Антропософия пришла в Россию на готовое или, как в случае Андрея Белого, Россия пришла в антропософию с готовым. Антропософия дала символизму то, чего ему не хватало: социальность и историчность, а также то, в чем символизм не нуждался: организацию и организатора.
«Отсюда невыразимо оригинальна его позиция как «ДУХОВНОГО УЧИТЕЛЯ»; он первый в истории тип «ДУХОВНОГО ВОДИТЕЛЯ»»1. Каковым Духовным Водителем «объяснимы и углубляемы по-новому теория электронов, Бор, само строение материи»2.
Кто Сей, проливающий свет на строение электрона? Кто, не будучи Бором и физиком, провозгласил атом бесконечным, а строение материи понимал как никто? Скажете — Ленин?

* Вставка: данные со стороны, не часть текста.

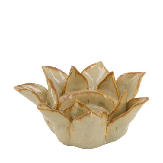 Portavelas decorativo de cerámica con forma de flor de pétalos abiertos, ideal para crear ambientes cálidos y elegantes.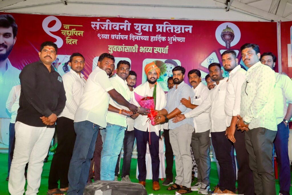 कोपरगाव : युवकांना हक्काचे व्यासपीठ उपलब्ध करून देत विविध नावीन्यपूर्ण उपक्रम राबवून सेवाकार्याच्या माध्यमातून संपूर्ण महाराष्ट्रात स्वत:ची वेगळी ओळख निर्माण केलेल्या कोपरगाव येथील संजीवनी युवा प्रतिष्ठानचा नववा वर्धापन दिन शुक्रवारी (१२ जानेवारी २०२४) कलश लॉन्स येथे मोठ्या उत्साहात व दिमाखात साजरा करण्यात आला. यानिमित्त प्रतिष्ठानचे संस्थापक अध्यक्ष युवानेते विवेकभैय्या कोल्हे यांच्या संकल्पनेतून युवकांसाठी वक्तृत्व,समूह,नृत्य,सोलो नृत्य व पोस्टर स्पर्धा घेण्यात आल्या.तसेच विविध क्षेत्रात उल्लेखनीय कामगिरी करून कोपरगाव शहर व तालुक्याचा नावलौकिक वाढविणाऱ्या कर्तृत्ववान व्यक्तींचा विवेकभैय्या कोल्हे यांच्या हस्ते सन्मान करण्यात आला.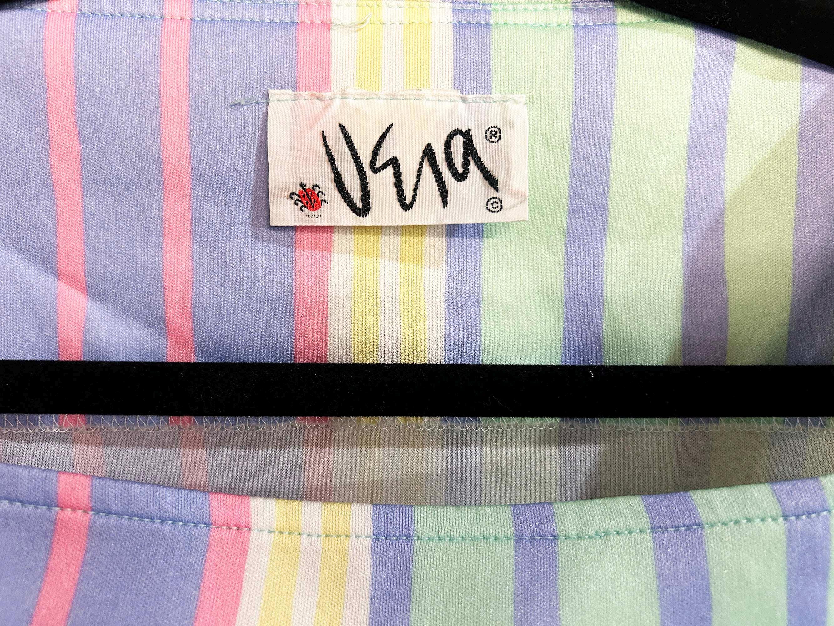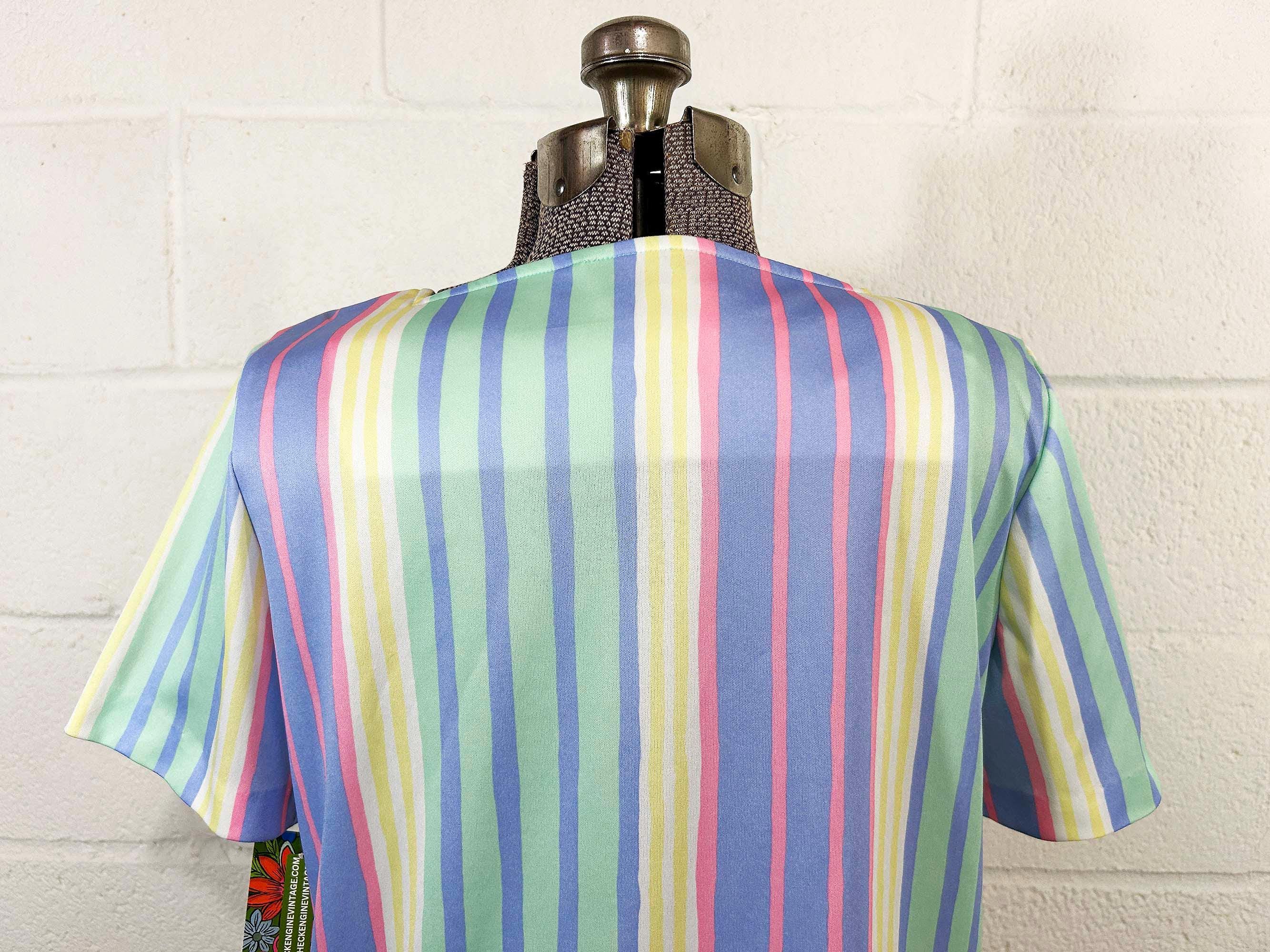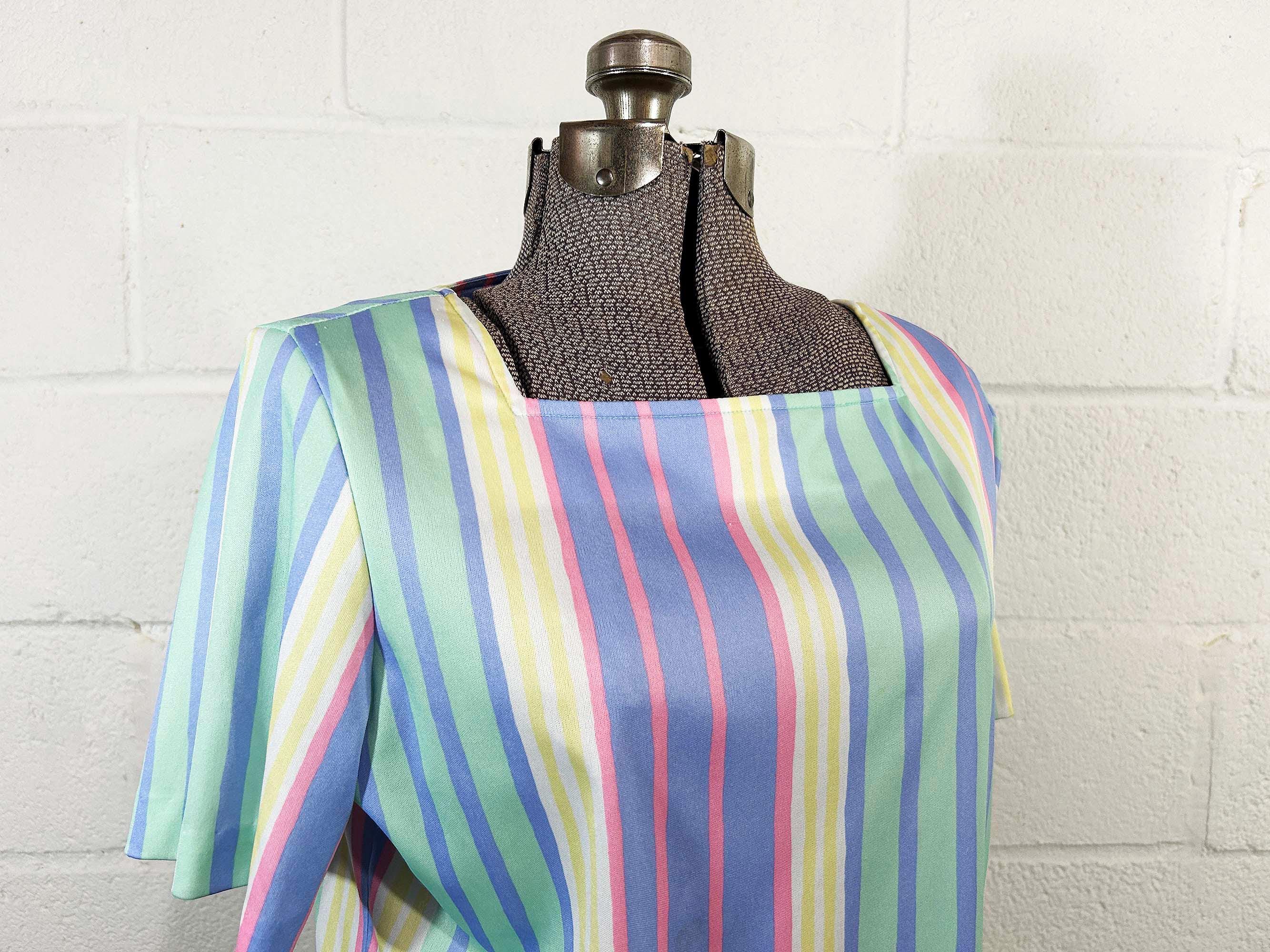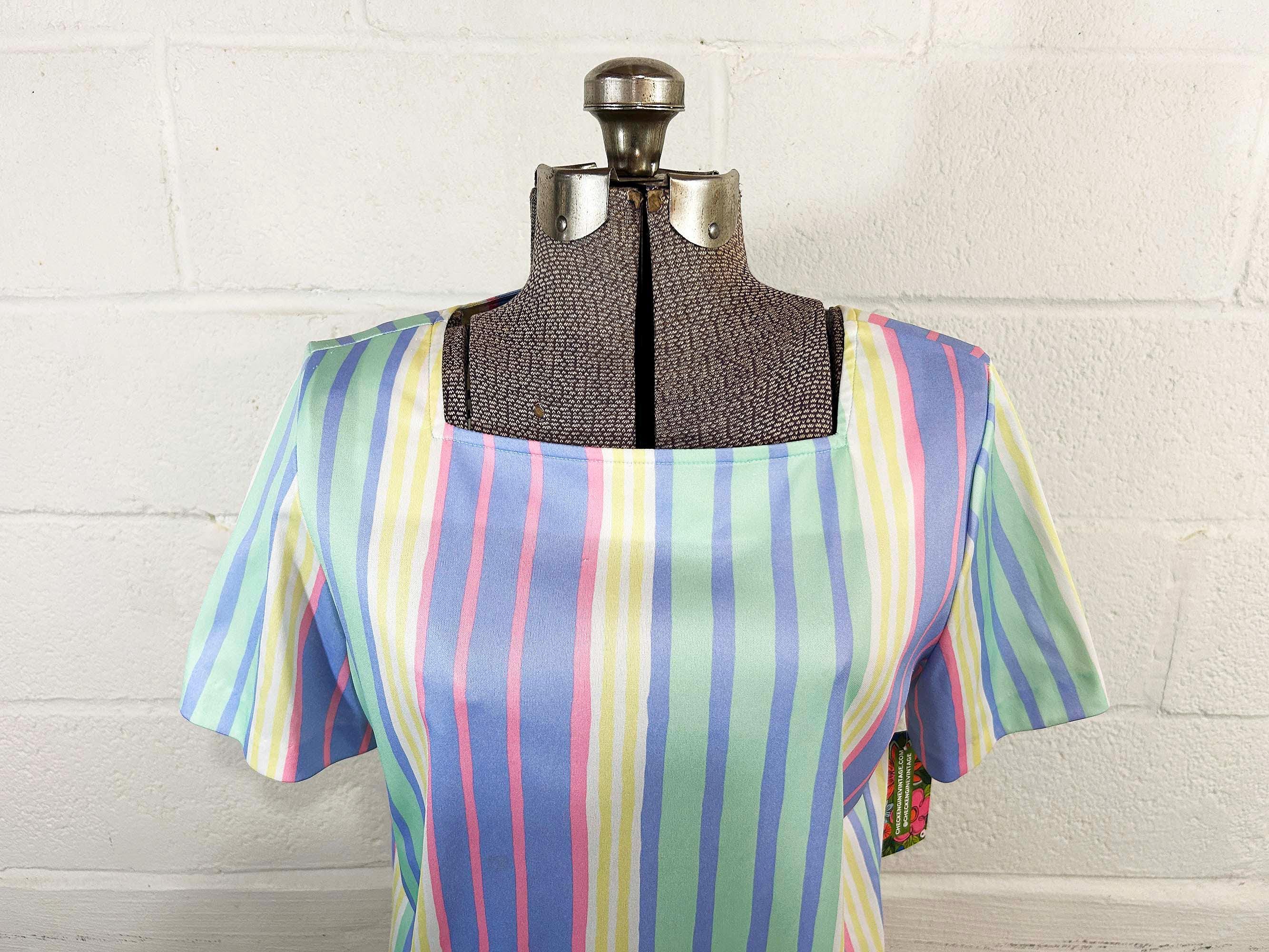 Cute pastel rainbow vertical striped lightweight polyester top. Top is in good shape with a few tiny snags - please be sure to inspect all photos closely. Pullover style with a square neckline and short sleeves. Fabric has stretch.

Как бы не так! — Доктор Штейнер, отныне и до конца следующей страницы — только он!
«Вскрываются детские болезни развития; показывается, какие опасности грозят обществу, если болезни не будут ликвидированы»3.

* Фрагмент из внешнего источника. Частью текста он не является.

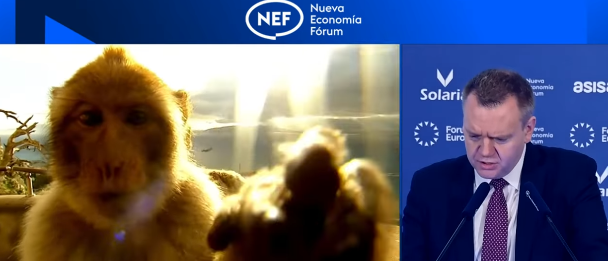 Credit: NEF (The organisers put the photo of one of the apes of Gibraltar on the screen behind him, not us.)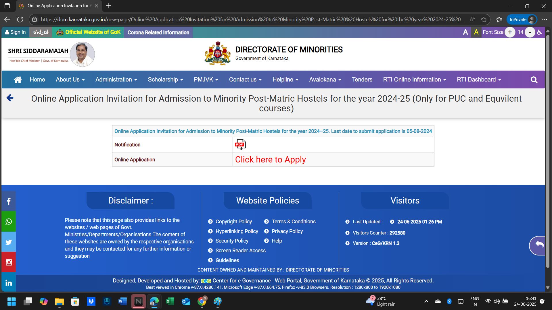 Interested applicants can submit their forms online via the State Scholarship Portal (SSP) at ssp.postmatric.karnataka.gov.in/ssppre or through the Minority Welfare Department’s official website at dom.karnataka.gov.in.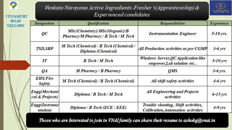 Venkata Narayana Active Ingredients-Fresher ‘s(Apprenticeship) & Experienced candidates

«...в связи с Вольтом вскрылись впервые разные антропософские партии; в связи с ним он поднял вопрос о точной установке проблем пола; в ряде обсуждений горячо заклеймил уклон «ВОЛЬТИЗМА», могущий ютиться под флагом антропософии»4.

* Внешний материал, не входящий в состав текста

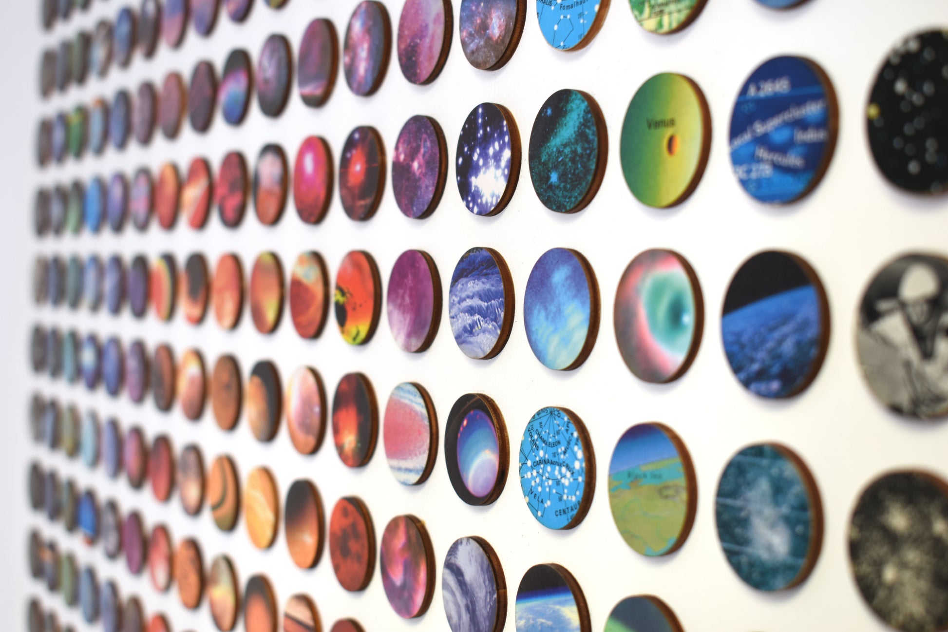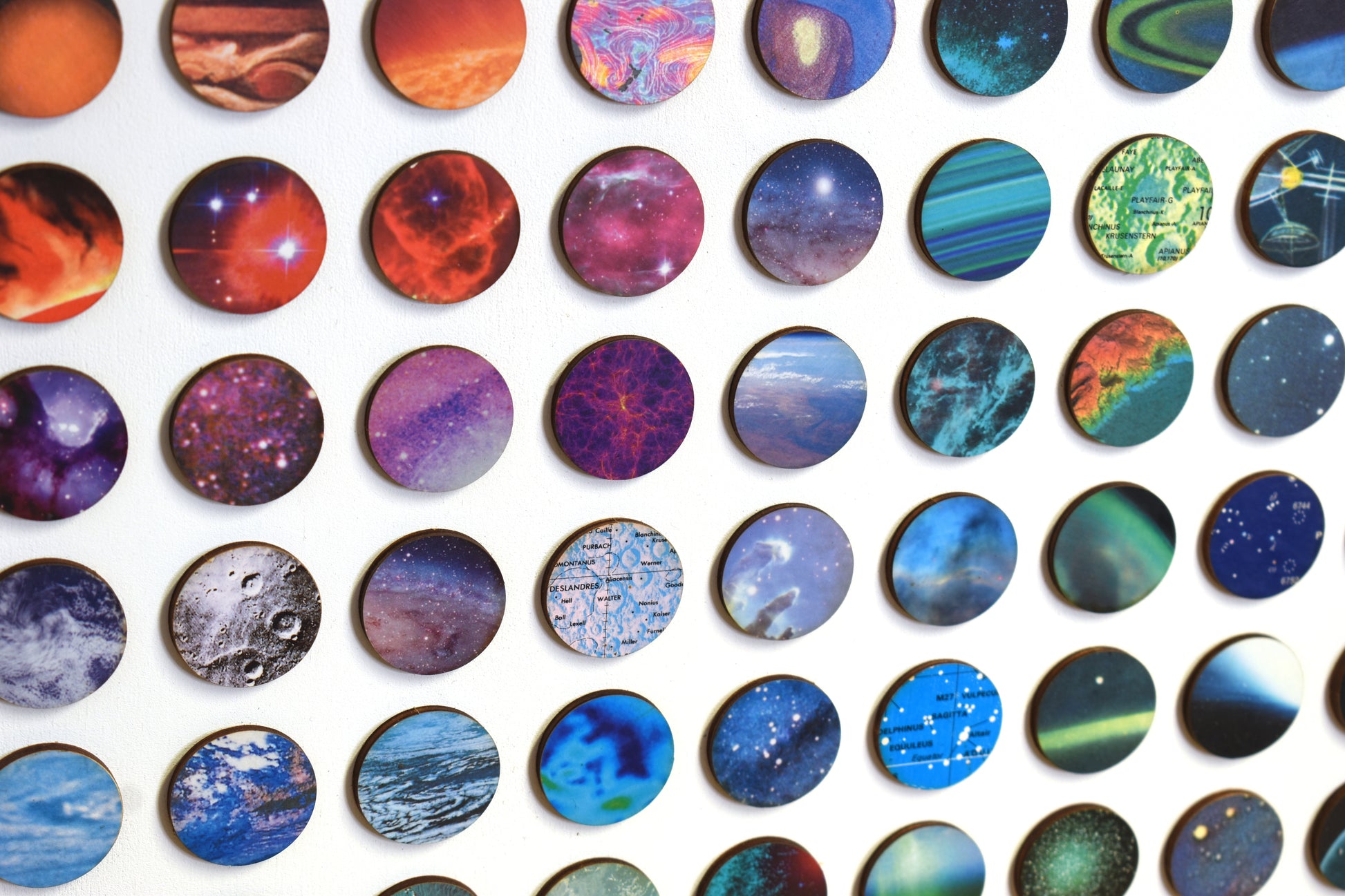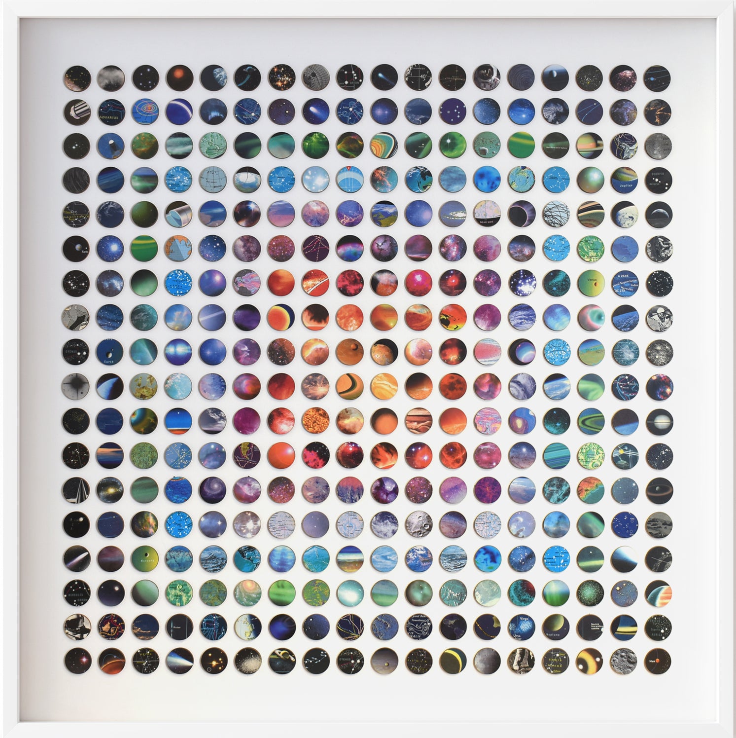 Three hundred and twenty-four individually hand-bonded pieces of vintage space imagery maps and charts arranged in a bold concentric ombre rainbow composition.

«...тут прежде всего выступает «ГЕНЕРАЛЬНЫЙ СЕКРЕТАРЬ», организатор-практик, создавший в несколько лет из ничтожной кучки огромное движение, насчитывающее тысячи»5.
«Иногда разговор зацеплялся: «А знаете, что говорит Планк в своей последней книге?» Тут назвал заглавие книги: «Вы ее запишите: у Планка преинтересная мысль!»»6.
«Сколько просто плохих статей написано «УЧЕНИКАМИ» лишь оттого, что они начинают от цитаты Штейнера: один затанцевал от «КАЧЕСТВА, ОПРЕДЕЛЯЮЩЕГО КОЛИЧЕСТВО», договорился до несообразности столь же абстрактной, как и те, которые отправлялись от «КОЛИЧЕСТВА, ОПРЕДЕЛЯЮЩЕГО КАЧЕСТВО», потому что в целом контекста «КАЧЕСТВО И КОЛИЧЕСТВО ДАНЫ... В ВОСПРИЯТИИ», что — все меняет»7.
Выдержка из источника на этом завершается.